§ Exercise goal
Repeat the lines below exactly as written, please, from the line with "Anyway, Cristal comes" to the line with "All that piece", both lines included, and no others.

§ Extracted material
BEGIN

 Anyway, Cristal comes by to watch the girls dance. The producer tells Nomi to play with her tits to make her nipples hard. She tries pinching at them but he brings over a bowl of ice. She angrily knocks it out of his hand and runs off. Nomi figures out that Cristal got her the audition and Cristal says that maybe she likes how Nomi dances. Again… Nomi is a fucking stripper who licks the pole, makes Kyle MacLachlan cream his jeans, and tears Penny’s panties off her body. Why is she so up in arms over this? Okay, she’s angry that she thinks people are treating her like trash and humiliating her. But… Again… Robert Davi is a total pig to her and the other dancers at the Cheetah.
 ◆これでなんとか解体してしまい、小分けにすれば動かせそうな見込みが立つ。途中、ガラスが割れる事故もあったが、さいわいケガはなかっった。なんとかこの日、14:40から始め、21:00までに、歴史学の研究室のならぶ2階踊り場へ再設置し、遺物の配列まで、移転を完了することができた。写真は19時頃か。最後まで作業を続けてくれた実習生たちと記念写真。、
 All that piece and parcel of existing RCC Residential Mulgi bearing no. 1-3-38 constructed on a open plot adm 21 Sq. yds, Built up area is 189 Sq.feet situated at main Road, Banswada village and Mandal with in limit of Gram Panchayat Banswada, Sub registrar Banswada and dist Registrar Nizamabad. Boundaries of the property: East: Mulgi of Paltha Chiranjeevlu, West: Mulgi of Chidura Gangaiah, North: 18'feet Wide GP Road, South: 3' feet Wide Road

END
BEGIN

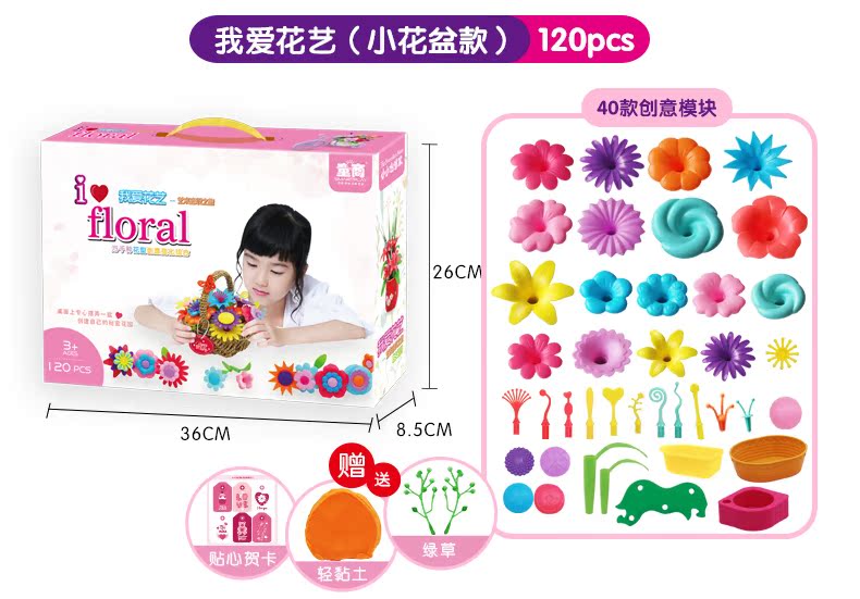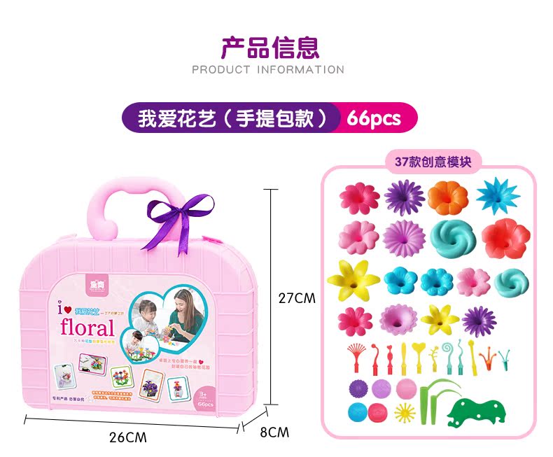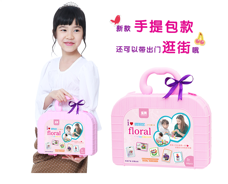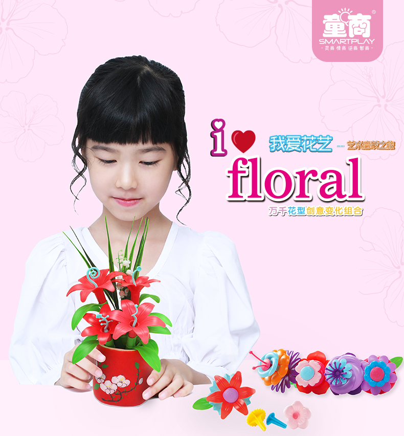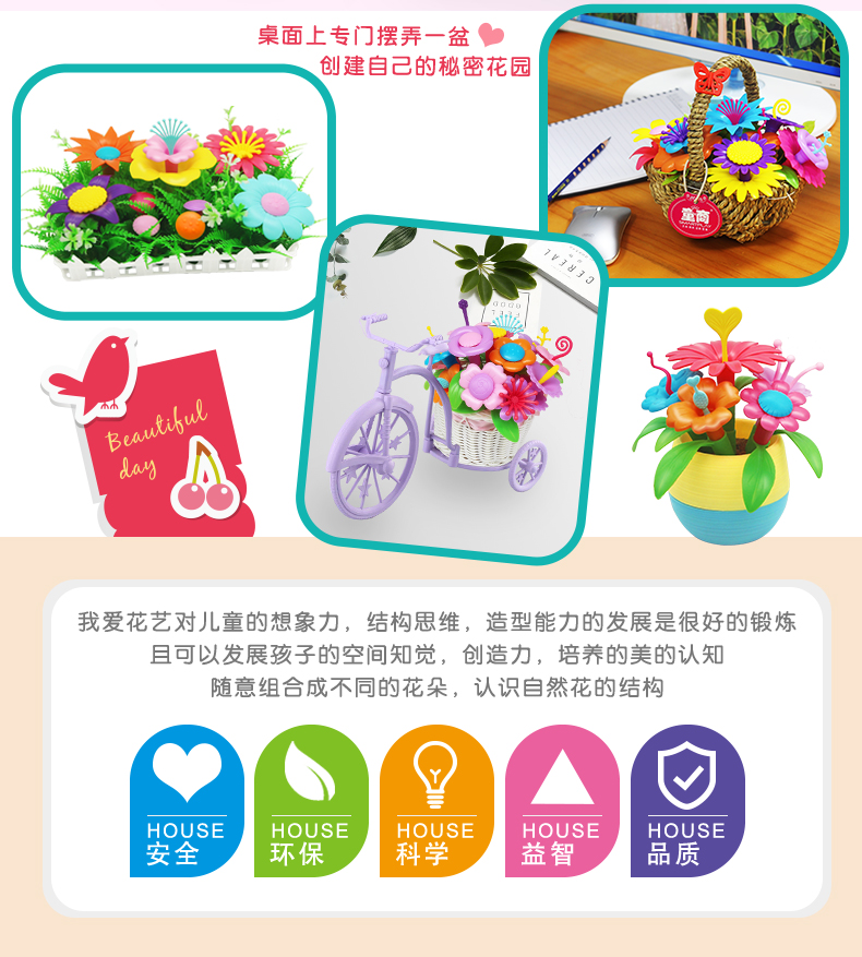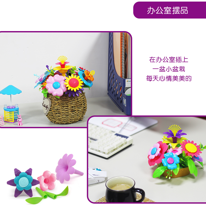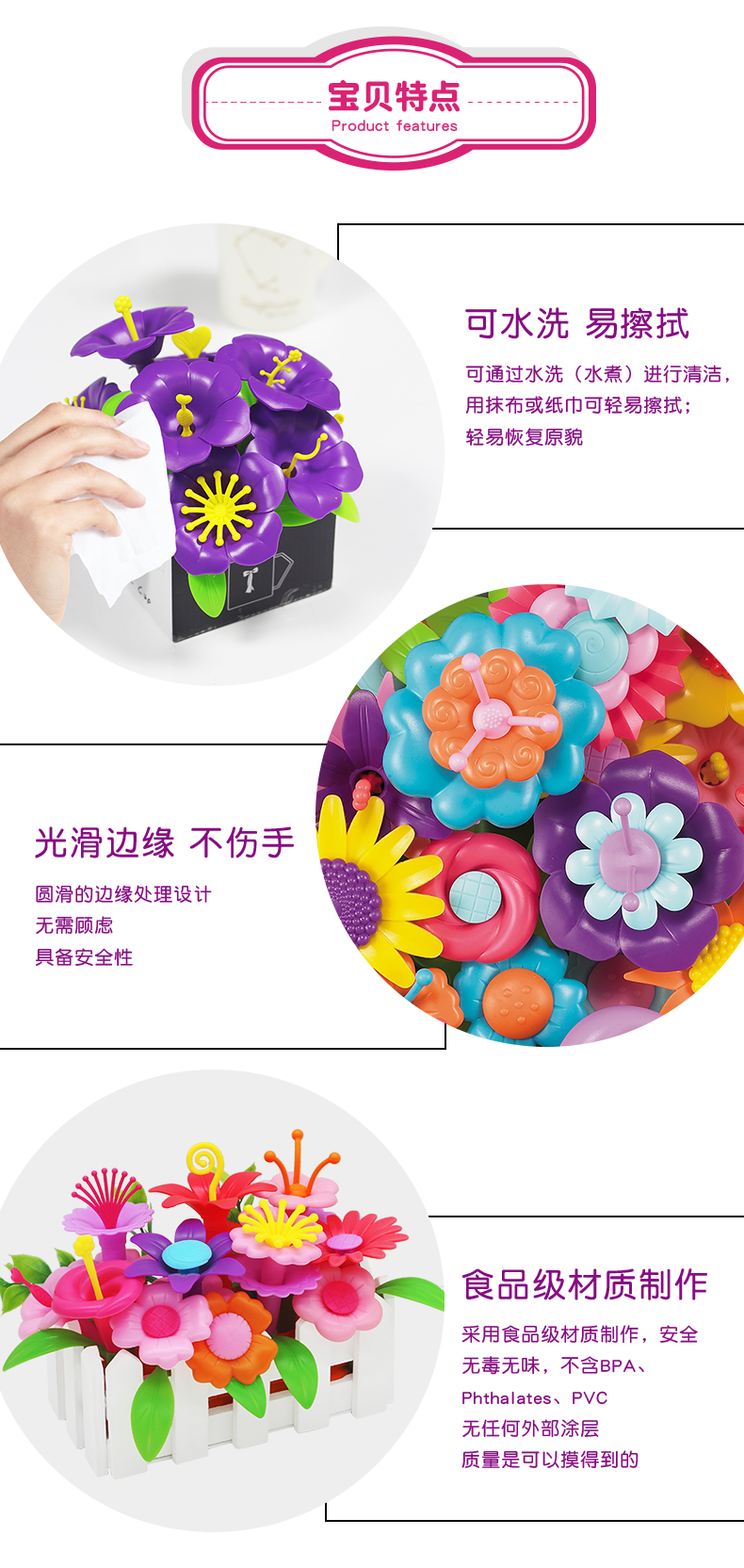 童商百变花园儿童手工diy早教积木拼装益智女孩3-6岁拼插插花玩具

END
BEGIN

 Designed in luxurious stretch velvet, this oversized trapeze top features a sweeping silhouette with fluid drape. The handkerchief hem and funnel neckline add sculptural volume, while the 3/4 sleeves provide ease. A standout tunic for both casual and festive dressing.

END

§ Your solution
 Anyway, Cristal comes by to watch the girls dance. The producer tells Nomi to play with her tits to make her nipples hard. She tries pinching at them but he brings over a bowl of ice. She angrily knocks it out of his hand and runs off. Nomi figures out that Cristal got her the audition and Cristal says that maybe she likes how Nomi dances. Again… Nomi is a fucking stripper who licks the pole, makes Kyle MacLachlan cream his jeans, and tears Penny’s panties off her body. Why is she so up in arms over this? Okay, she’s angry that she thinks people are treating her like trash and humiliating her. But… Again… Robert Davi is a total pig to her and the other dancers at the Cheetah.
 ◆これでなんとか解体してしまい、小分けにすれば動かせそうな見込みが立つ。途中、ガラスが割れる事故もあったが、さいわいケガはなかっった。なんとかこの日、14:40から始め、21:00までに、歴史学の研究室のならぶ2階踊り場へ再設置し、遺物の配列まで、移転を完了することができた。写真は19時頃か。最後まで作業を続けてくれた実習生たちと記念写真。、
 All that piece and parcel of existing RCC Residential Mulgi bearing no. 1-3-38 constructed on a open plot adm 21 Sq. yds, Built up area is 189 Sq.feet situated at main Road, Banswada village and Mandal with in limit of Gram Panchayat Banswada, Sub registrar Banswada and dist Registrar Nizamabad. Boundaries of the property: East: Mulgi of Paltha Chiranjeevlu, West: Mulgi of Chidura Gangaiah, North: 18'feet Wide GP Road, South: 3' feet Wide Road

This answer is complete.